* [Exercise brief]:
Exactly as written, reproduce the lines from the beginning of the data through the line containing "Евролига. Реал разгромил"; the pictures are not reproduced.

___

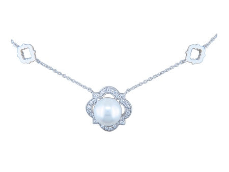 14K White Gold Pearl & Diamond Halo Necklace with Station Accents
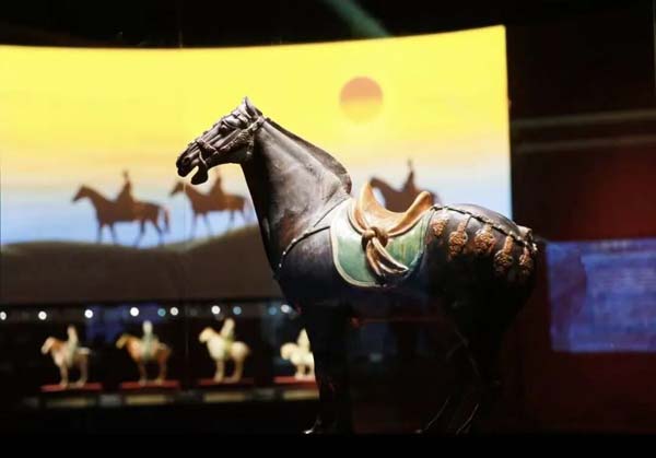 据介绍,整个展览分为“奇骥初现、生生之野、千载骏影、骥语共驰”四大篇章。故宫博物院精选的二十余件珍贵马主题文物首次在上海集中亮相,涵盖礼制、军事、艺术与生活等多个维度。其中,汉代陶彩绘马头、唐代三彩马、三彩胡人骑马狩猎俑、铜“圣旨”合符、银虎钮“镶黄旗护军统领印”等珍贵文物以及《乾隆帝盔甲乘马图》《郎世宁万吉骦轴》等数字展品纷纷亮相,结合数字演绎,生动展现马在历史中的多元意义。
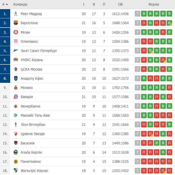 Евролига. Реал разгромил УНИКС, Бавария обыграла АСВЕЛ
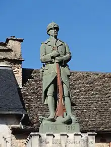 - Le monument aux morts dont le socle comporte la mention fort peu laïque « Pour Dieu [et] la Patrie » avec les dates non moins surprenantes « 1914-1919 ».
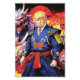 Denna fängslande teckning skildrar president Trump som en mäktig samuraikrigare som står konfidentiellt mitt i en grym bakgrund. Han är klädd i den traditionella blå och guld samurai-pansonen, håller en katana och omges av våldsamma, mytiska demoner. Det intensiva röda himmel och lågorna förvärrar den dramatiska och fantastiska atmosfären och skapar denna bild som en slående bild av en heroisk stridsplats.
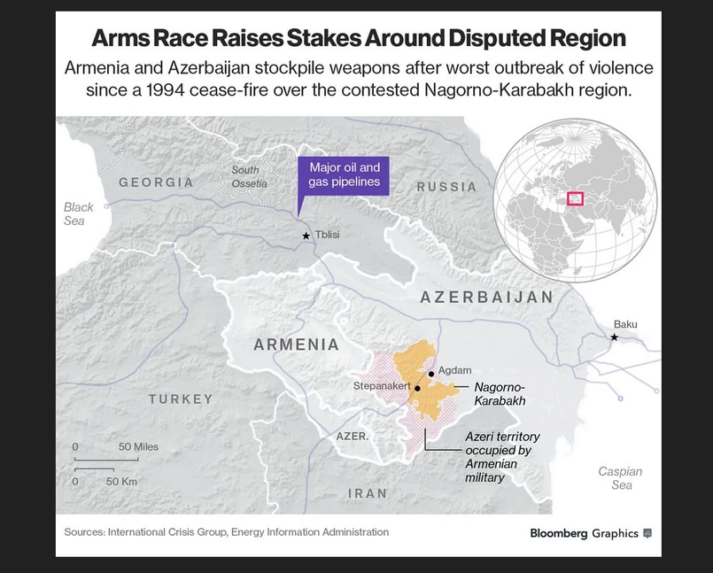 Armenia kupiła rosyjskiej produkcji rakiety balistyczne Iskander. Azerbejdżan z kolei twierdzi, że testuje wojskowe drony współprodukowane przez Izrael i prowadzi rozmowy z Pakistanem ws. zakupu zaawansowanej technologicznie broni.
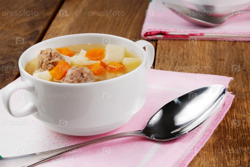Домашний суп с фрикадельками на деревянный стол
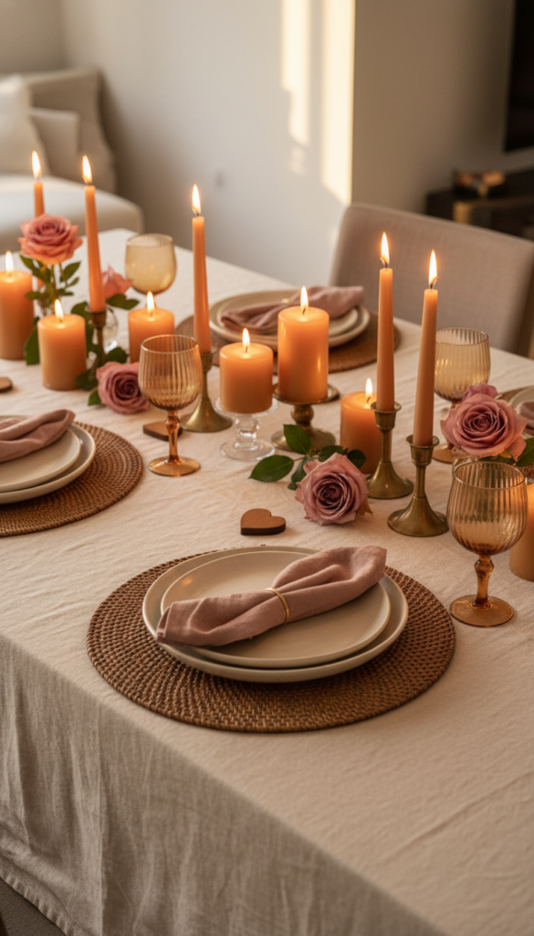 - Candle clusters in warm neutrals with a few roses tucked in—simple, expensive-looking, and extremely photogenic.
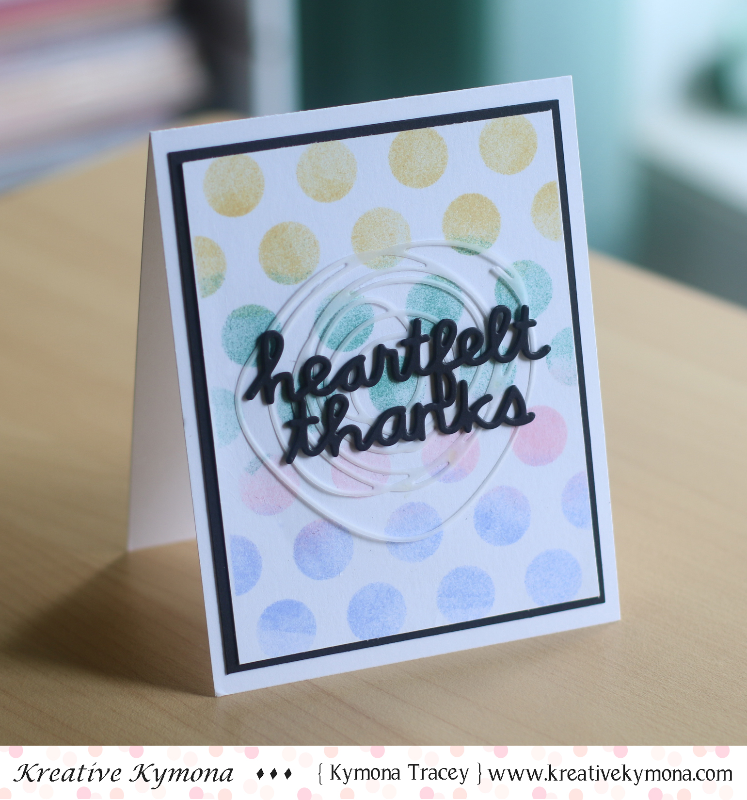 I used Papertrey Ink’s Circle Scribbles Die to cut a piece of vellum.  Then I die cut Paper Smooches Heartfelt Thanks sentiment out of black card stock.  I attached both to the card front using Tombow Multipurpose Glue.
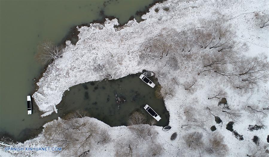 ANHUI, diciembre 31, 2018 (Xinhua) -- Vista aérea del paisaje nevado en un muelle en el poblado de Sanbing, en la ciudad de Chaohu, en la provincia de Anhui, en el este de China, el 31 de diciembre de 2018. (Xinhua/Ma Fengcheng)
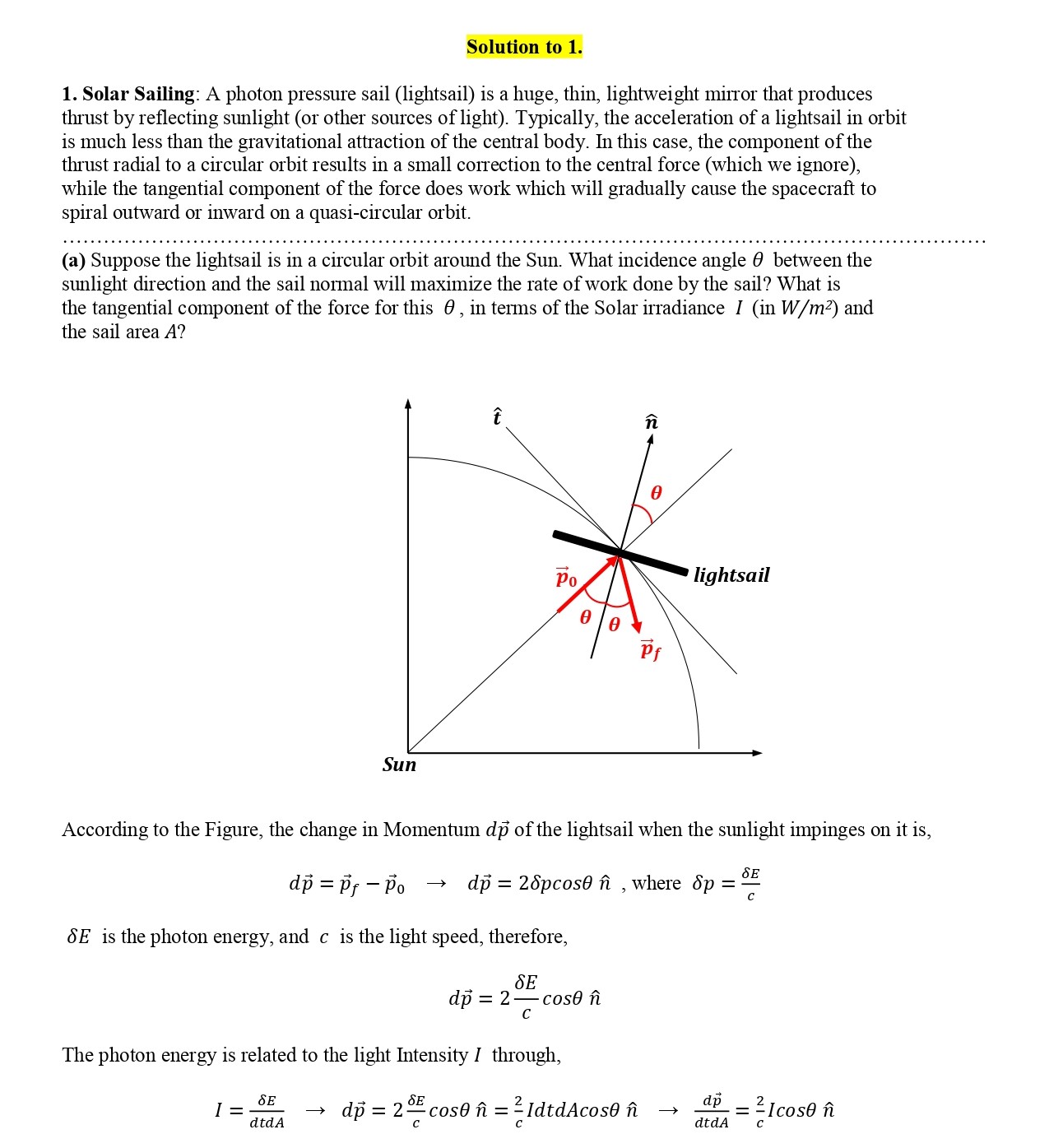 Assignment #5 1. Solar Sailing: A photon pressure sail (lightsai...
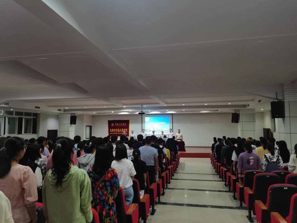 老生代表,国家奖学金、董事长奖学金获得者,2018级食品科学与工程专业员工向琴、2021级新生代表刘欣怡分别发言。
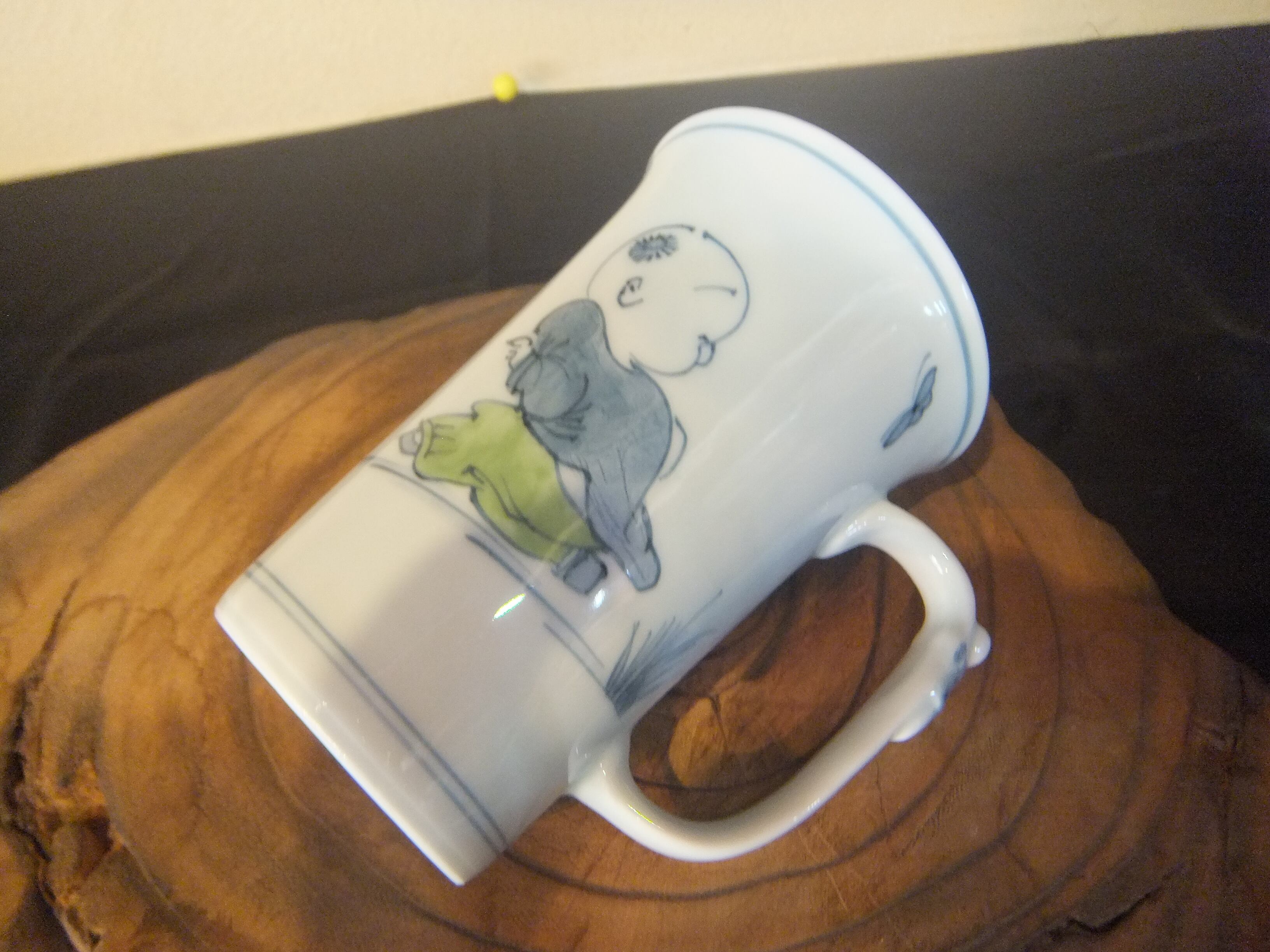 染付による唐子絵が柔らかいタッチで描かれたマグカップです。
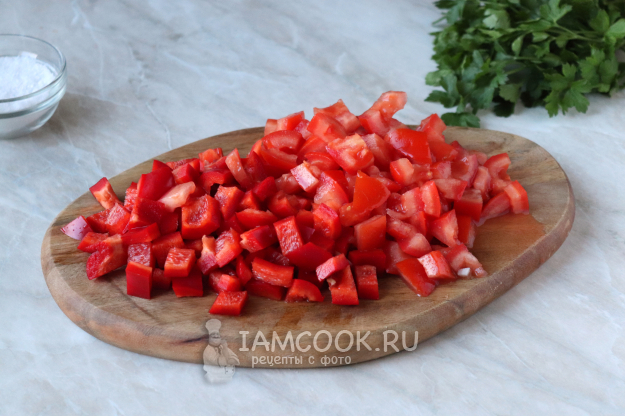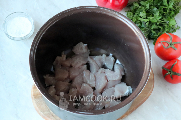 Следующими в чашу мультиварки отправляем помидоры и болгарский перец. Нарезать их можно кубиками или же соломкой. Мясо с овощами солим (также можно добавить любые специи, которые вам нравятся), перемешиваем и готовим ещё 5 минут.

___

* [Result for this task]:
 14K White Gold Pearl & Diamond Halo Necklace with Station Accents
 据介绍,整个展览分为“奇骥初现、生生之野、千载骏影、骥语共驰”四大篇章。故宫博物院精选的二十余件珍贵马主题文物首次在上海集中亮相,涵盖礼制、军事、艺术与生活等多个维度。其中,汉代陶彩绘马头、唐代三彩马、三彩胡人骑马狩猎俑、铜“圣旨”合符、银虎钮“镶黄旗护军统领印”等珍贵文物以及《乾隆帝盔甲乘马图》《郎世宁万吉骦轴》等数字展品纷纷亮相,结合数字演绎,生动展现马在历史中的多元意义。
 Евролига. Реал разгромил УНИКС, Бавария обыграла АСВЕЛ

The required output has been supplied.